Oggi, in alcune Regioni, la capacità di stoccaggio può essere aumentata nel limite massimo del 50%, in altre del 20% o del 30%. Le indicazioni ministeriali hanno anche favorito l’adozione di ordinanze regionali volte ad incrementare la durata del deposito dei rifiuti urbani presso i centri di raccolta, nonché ad autorizzare gli impianti di incenerimento a raggiungere la capacità termica massima valutata in sede di autorizzazione. La deroga e la modifica alle autorizzazioni e la Scia come disciplina derogatoria generale e non limitata ad alcune categorie di rifiuti, sono un “combinato disposto” che potrebbe “favorire fenomeni di gestione illegale”, tenendo anche presente le “aziende del settore in situazioni di difficoltà”.

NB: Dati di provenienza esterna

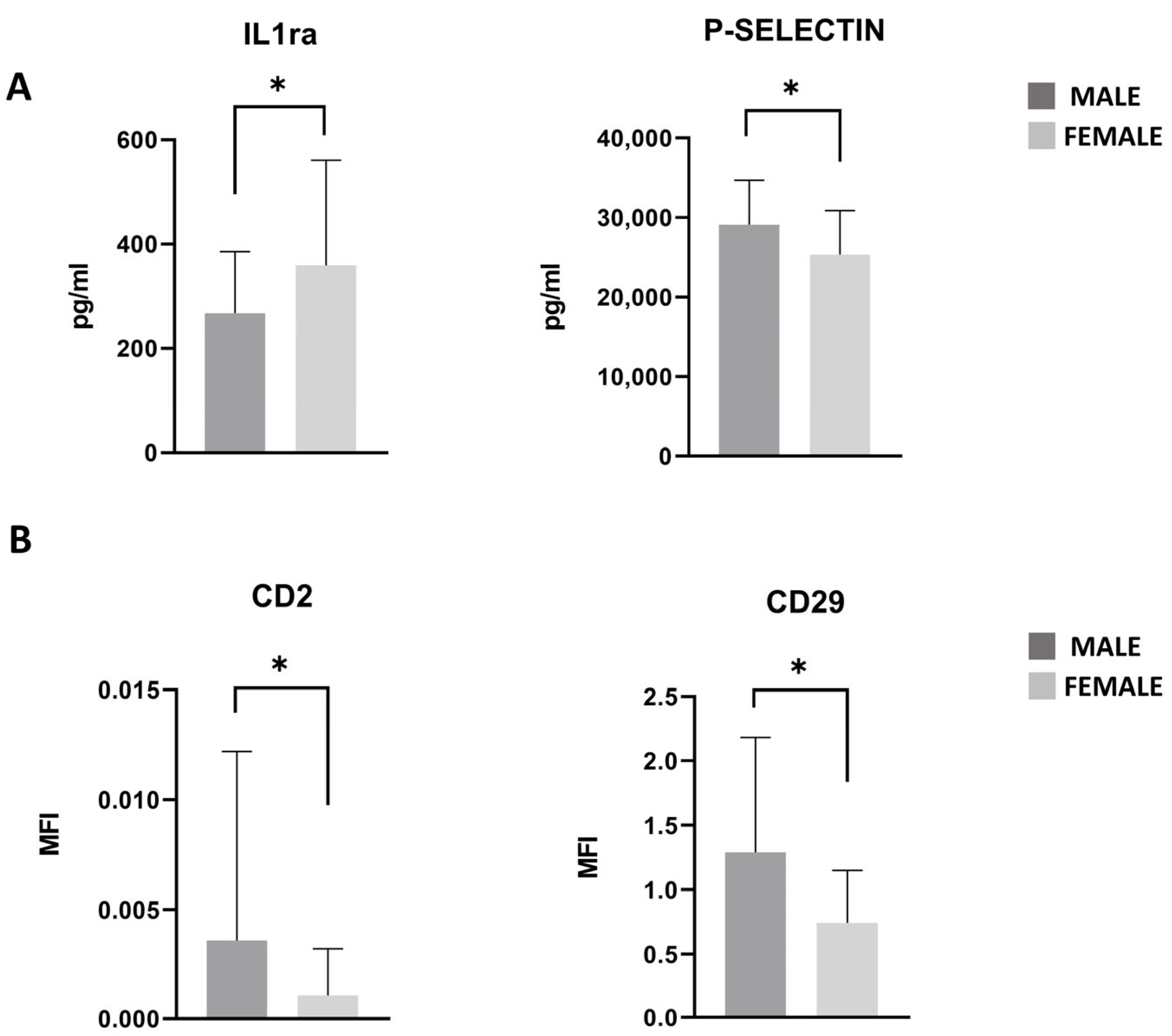 3.7. PRGF Characteristics in Male and Female Patients

Basta emergenza, un nuovo scenario

Cambia lo scenario. Si apre la fase post-emergenza da Covid-19 anche per i rifiuti. In questo momento, bisogna capire come avere un approccio strutturale alla gestione e fare in modo che l’emergenza non sia tale per sempre.

Questo il motivo che ha spinto il ministro dell’Ambiente Sergio Costa ad aprire un tavolo, tenendo insieme l’Istituto superiore per la protezione ambientale (Ispra), l’Istituto superiore di sanità (Iss) e gli operatori del settore. “Adesso – osserva Costa – è il momento di strutturare diversamente l’intervento, sia a livello governativo che a livello parlamentare. Oggi in una fase post-Covid cambia lo scenario. Per questo abbiamo aperto un tavolo al ministero, sull’analisi del flusso dei rifiuti” perché cerchiamo di capire come “il sistema abbia tenuto durante la fase emergenziale e come si stia orientando adesso”, e “ci preoccupiamo che la situazione emergenziale non rimanga” tale “per sempre”.

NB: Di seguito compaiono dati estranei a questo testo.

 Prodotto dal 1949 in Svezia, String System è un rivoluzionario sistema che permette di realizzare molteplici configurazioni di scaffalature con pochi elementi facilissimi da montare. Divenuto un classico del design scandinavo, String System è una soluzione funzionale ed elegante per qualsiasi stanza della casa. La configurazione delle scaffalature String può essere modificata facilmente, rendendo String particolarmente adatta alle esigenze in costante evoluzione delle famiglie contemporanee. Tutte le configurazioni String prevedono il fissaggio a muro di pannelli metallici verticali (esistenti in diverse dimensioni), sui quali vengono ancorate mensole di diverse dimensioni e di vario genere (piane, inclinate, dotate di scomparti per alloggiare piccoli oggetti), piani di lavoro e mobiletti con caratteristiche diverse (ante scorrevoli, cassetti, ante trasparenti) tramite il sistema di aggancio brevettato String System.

Secondo il viceministro alla Salute Pierpaolo Sileri “il nostro sistema ha retto, e lo ha fatto bene; non ci sono stati picchi di contagio tra gli operatori, e il servizio non è stato interrotto. Le Linee guida dell’Iss sono state importanti per gestire una mole di materiale che via via è aumentato. Ma la sfida che abbiamo davanti è ancora più lunga. L’emergenza è passata, ora ci troviamo in fase di urgenza; dinnanzi abbiamo moltissimi altri mesi di materiale consumabile che dovrà essere smaltito in maniera adeguata”.

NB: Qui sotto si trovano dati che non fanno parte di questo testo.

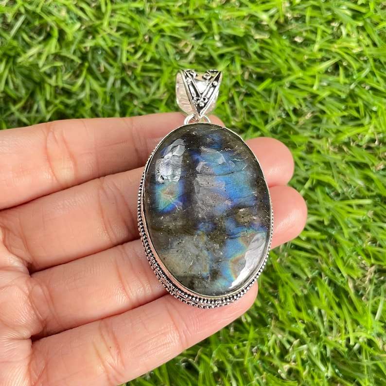 Labradorite 925 Sterling Silver Fashion Pendant Handmade Oval Gemstone Necklace Jewelry for Women IGI Certified Wholesale Gift

Le raccomandazioni della commissione

Nella parte finale la relazione offre alcune indicazioni come per esempio rispettare i principi nazionali ed europei in materia di economia circolare e degli obiettivi in questo campo; affrontare il tema dell’end of waste sistematicamente, rapidamente e con uno sguardo al futuro; considerare l’impatto economico dell’emergenza sulle tariffe e sugli introiti delle imprese e degli enti pubblici con particolare riguardo alla sospensione della riscossione della Tari. Inoltre viene chiesto di investire in ricerca e tecnologica per l’uso di Dpi, sia per quanto riguarda la raccolta e il trattamento sia per lo sviluppo di nuovi materiali più sostenibili. E in particolare suggerisce di superare le norme derogatorie statali e le ordinanze derogatorie regionali; ponderare e compensare l’accoglimento di istanze di semplificazione in materia di regolazione ambientale con una adeguata pianificazione di controlli; razionalizzare l’intervento pubblico sul fronte dei controlli ambientali, coordinando le azioni in tal senso di agenzie di controllo ambientale.